### Work instructions
Return, without anything added, the lines from the one containing "胡散臭い通販商品みたいなあだ名 | 『必ず成功する霊験あらたかなお札…その名も「みやもとこうだい」』 |" through the end of the entries below, exactly as written.
───── Supplied information
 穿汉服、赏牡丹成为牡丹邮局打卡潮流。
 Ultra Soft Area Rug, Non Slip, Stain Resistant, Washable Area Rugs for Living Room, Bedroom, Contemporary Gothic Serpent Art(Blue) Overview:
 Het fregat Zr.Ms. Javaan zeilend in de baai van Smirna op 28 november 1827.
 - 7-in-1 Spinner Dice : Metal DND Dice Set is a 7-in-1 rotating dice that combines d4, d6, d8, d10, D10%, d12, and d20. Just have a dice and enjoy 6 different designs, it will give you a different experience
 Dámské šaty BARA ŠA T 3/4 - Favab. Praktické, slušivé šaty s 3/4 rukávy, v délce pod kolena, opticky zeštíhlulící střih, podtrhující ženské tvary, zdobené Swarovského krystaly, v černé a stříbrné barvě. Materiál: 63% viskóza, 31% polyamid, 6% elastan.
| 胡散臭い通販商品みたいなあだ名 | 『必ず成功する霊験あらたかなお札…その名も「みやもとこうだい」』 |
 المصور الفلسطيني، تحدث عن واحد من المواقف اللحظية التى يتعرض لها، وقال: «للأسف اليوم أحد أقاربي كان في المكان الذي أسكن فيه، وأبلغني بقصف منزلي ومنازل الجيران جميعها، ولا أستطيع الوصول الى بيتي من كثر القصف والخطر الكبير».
──────────
### Output
| 胡散臭い通販商品みたいなあだ名 | 『必ず成功する霊験あらたかなお札…その名も「みやもとこうだい」』 |
 المصور الفلسطيني، تحدث عن واحد من المواقف اللحظية التى يتعرض لها، وقال: «للأسف اليوم أحد أقاربي كان في المكان الذي أسكن فيه، وأبلغني بقصف منزلي ومنازل الجيران جميعها، ولا أستطيع الوصول الى بيتي من كثر القصف والخطر الكبير».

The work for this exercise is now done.